An interesting post on How I Handle Rejection on Shannon’s blog http://shannonathompson.com made me reflect on how I handle both rejection and praise. I went to a recent email from a friend who had read Border Line critically for me and realised that I had lapped up the praise and not paid enough attention to the criticism. I had dealt with the post-it notes on the manuscript, but not really listened to a more fundamental worry in the covering email. So I spent a happy few hours – and I mean happy – addressing the problem. It is so much easier when someone has kindly identified the sticky patch or the unreal person. When you are writing you tend to have your nose up against the leaves and the shape of the trees get lost.

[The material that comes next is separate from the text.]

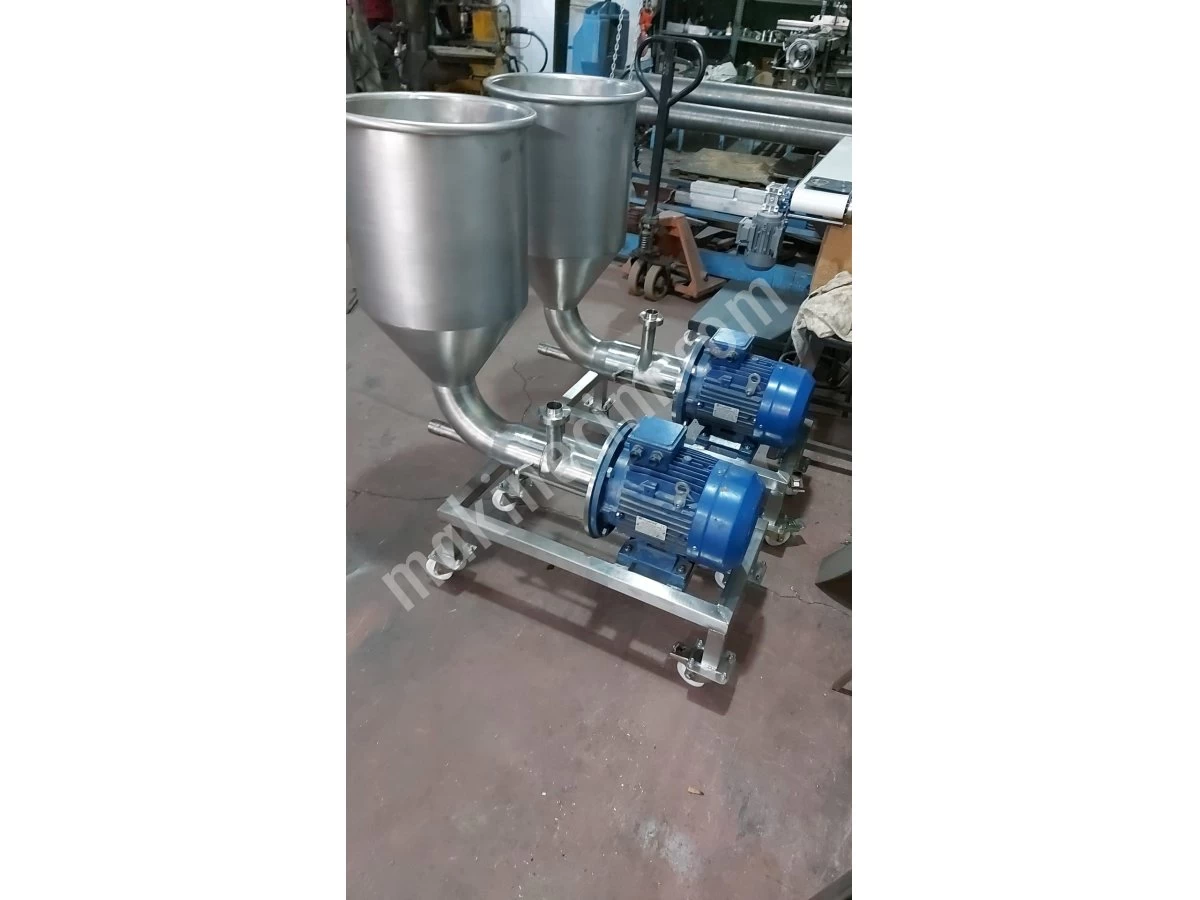 Likit ve toz/katı ürünlerin aynı anda hatta alınarak, topaksız ve tam homojen karıştırılmasını sağlayan, kabul hazneli inline tip yüksek kesme (high shear) mikser / homojenizatör. Ürün, özellikle gıda, kozmetik, kimya ve ilaç yardımcı proseslerinde dozajlama ve karışım için tasarlanmıştır.

My mood underwent some yo-yo transformations as I tried to alter the picture for the (imaginary) cover of Border Line on my website. I learnt, as I always do on these occasions, a lot about how not to work in iWeb, but finally I got it sorted. Then, having published the new version, I was maddened to find that one page uploaded the new version, but another stuck to the old. Much trial and error later, I could get the new pages correct only of I used the www. before my address. Today it works properly. There are some gnomes working hard behind the scenes and I just don’t quite speak their language.